▶ ASSIGNMENT
Begin at the line containing "The famous meme" in the entries below and end at the line containing "в размер телефона."; transcribe that range exactly and nothing outside it.

--- SOURCE DATA Enclosed Below ---

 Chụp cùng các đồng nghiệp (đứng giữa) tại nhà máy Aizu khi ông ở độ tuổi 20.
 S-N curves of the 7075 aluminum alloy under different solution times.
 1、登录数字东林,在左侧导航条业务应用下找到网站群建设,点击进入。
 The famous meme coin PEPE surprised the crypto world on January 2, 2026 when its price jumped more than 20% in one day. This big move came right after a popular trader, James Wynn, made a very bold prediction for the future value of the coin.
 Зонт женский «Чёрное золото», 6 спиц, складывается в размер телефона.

--- End of Enclosed SOURCE DATA ---
--- SOURCE DATA Enclosed Below ---

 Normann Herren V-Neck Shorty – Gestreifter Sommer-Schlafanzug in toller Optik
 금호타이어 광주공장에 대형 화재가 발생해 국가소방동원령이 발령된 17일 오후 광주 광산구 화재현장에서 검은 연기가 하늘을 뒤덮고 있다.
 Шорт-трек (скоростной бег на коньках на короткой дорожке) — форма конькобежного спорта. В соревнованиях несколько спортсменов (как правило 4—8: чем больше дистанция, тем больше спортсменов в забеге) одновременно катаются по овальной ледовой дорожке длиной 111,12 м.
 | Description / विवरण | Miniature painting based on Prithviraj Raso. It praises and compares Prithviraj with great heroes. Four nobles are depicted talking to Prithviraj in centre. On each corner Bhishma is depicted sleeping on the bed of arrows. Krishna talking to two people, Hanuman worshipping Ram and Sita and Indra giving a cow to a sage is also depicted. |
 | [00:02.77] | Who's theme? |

--- End of Enclosed SOURCE DATA ---

▶ EXERCISE SOLUTION
 The famous meme coin PEPE surprised the crypto world on January 2, 2026 when its price jumped more than 20% in one day. This big move came right after a popular trader, James Wynn, made a very bold prediction for the future value of the coin.
 Зонт женский «Чёрное золото», 6 спиц, складывается в размер телефона.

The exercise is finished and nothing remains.